ACM AI Workshops
Crash Course on Machine Learning
UAS@UCLA is collaborating with ACM AI in order to lay down the foundation as well as develop the vision platform.
See the GitHub page.
Machine Learning Crash Course
Stuff to Know Before Workshops
- Python and NumPy
Linear regression is continuous while classification is discrete. Both have cost functions.
Logistic Regression is a machine learning model used primarily for problem spaces where a selection from a group of categories/classes is needed.
Python and NumPy
NumPy is a library for the Python programming language, adding support for large, multi-dimensional arrays and matrices, along with a large collection of high-level mathematical functions to operate on these arrays.
See this textbook website. The PDF copy is free. Skim through Chapters 1, 3, 4, and 10. These chapters are short reads. We expect you to have a high level understanding of these concepts.

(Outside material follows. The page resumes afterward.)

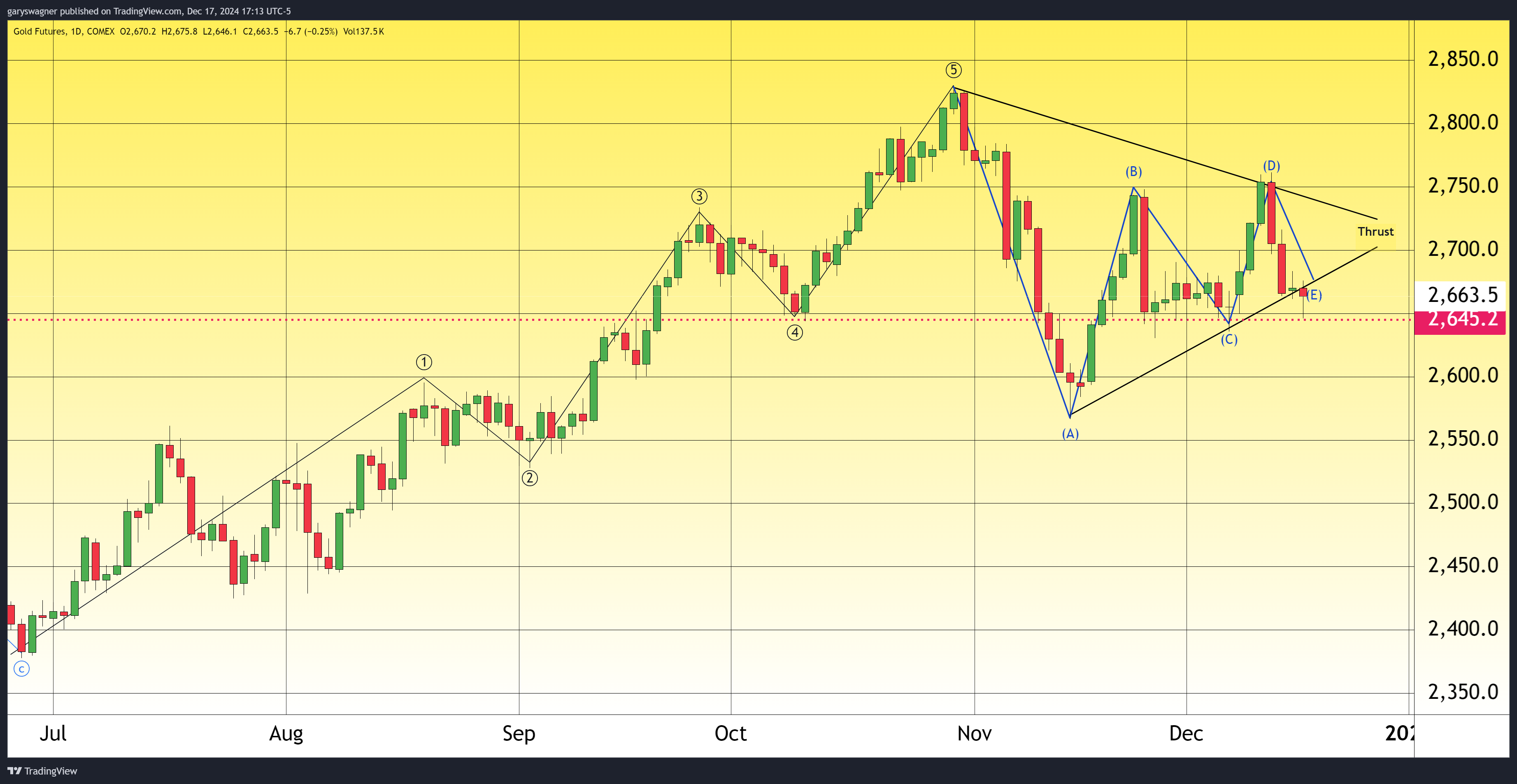 The daily Japanese candlestick chart for February gold futures reveals a pronounced correction following the all-time high of over $2,800 per ounce on October 30. After reaching a low of $2,566 on November 14, the market has been characterized by a series of lower highs and higher lows. Today's trading marked a significant technical development, with gold futures breaking below the lower-level support trendline and opening and closing beneath the previous support line of a compression triangle pattern.
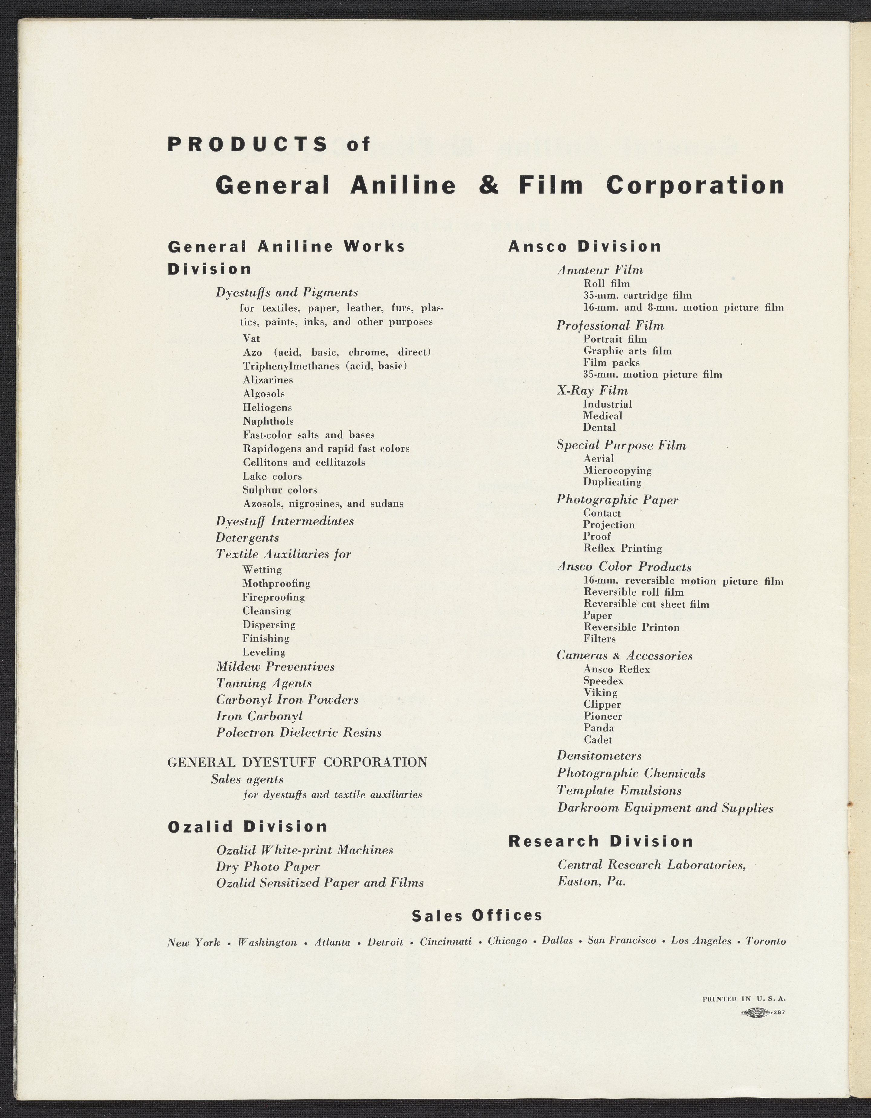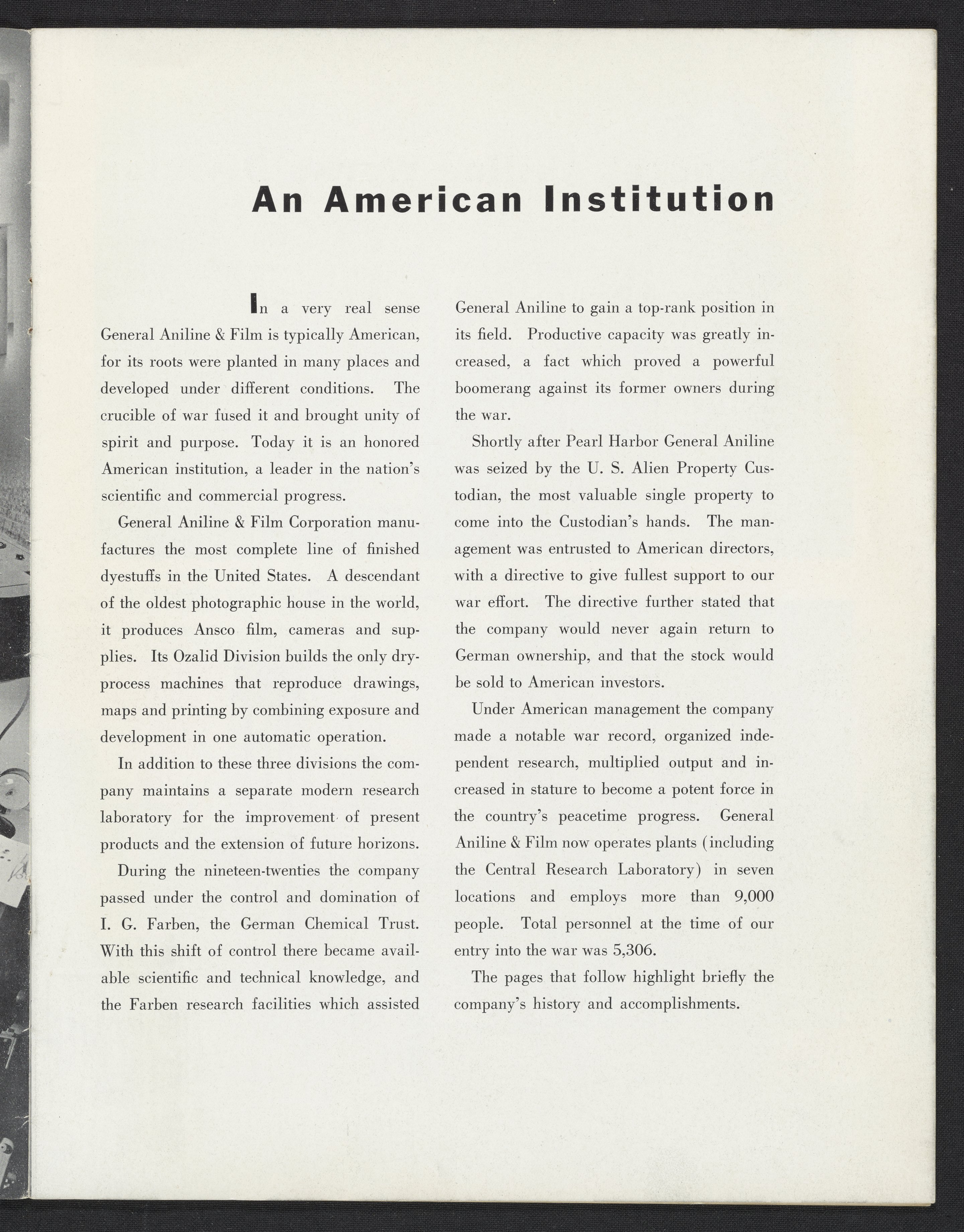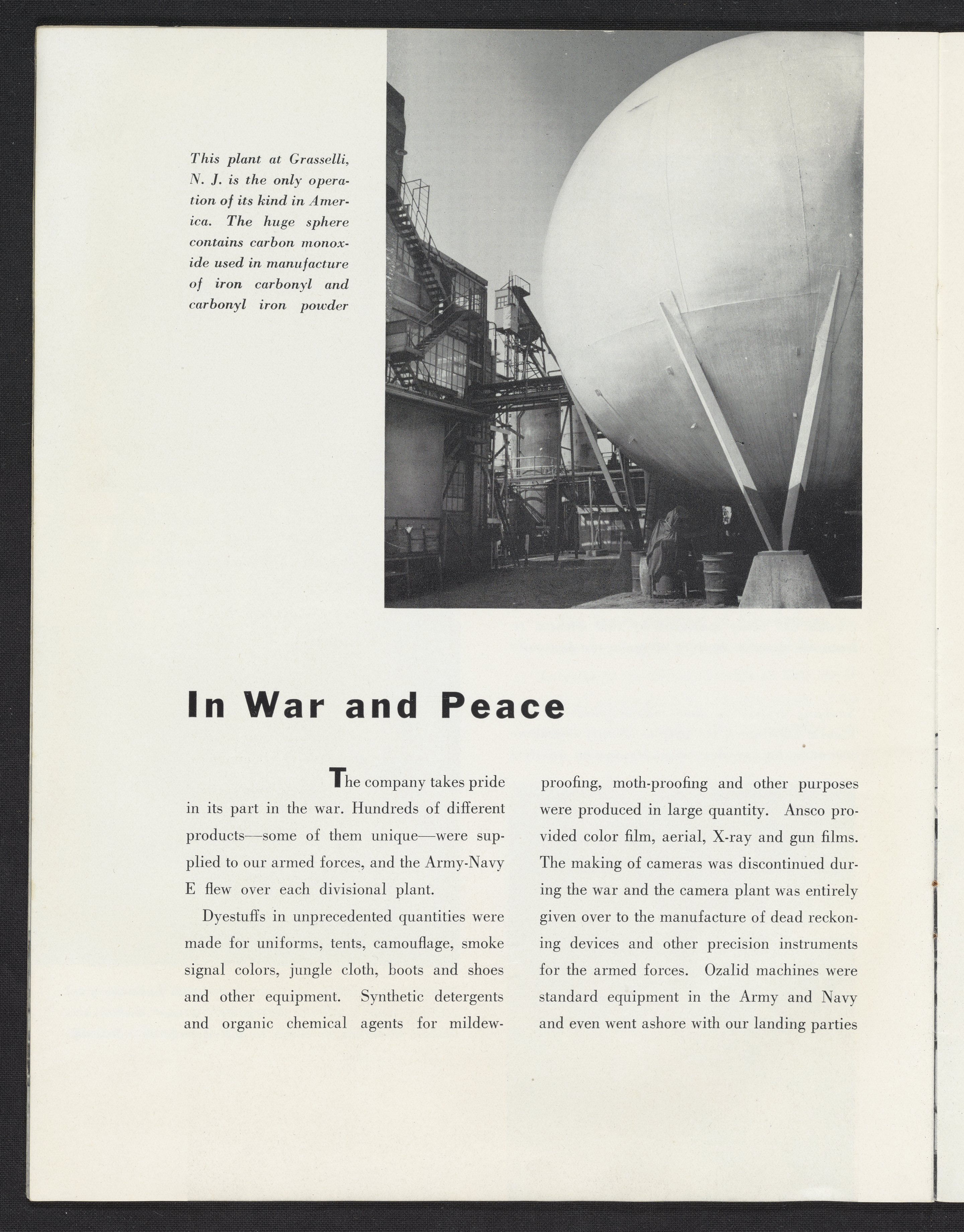 Small JPG1200 x 1538px — 267 KBLarge JPG2880 x 3691px — 2.2 MBFull-sized JPG5370 x 6883px — 7.6 MBOriginal fileTIFF — 5370 x 6883px — 106 MBDigitized in entirety, this illustrated work outlines the history of the General Aniline & Film Corporation. Intended as an advertising brochure, includes information on the General Aniline Works Division, detailing operations within their dye factory and manufacturing plant; the Ansco Division, where the manufacturing of photographic products occurs including the manufacturing of Ansco Color film and paper; the Ozalid Division, where their all-in-one Ozalid exposure and dry development photography equipment is made. There is also a section on research, a section entitled "In War and Peace" on the company's activities during World War II as well as a section entitled "Looking Ahead."

You have an input layer, hidden layers, and an output layer.
The passing between layers is a computation (e.g. softmax, sigmoid functions), outputting a new vector. You keep passing the input deeper and deeper into more layers.
Multilayer Neural Networks and Applications
Backpropagation is used instead of gradient descent for neural networks. Backpropagation takes the partial derivatives of the cost with respect to the weights.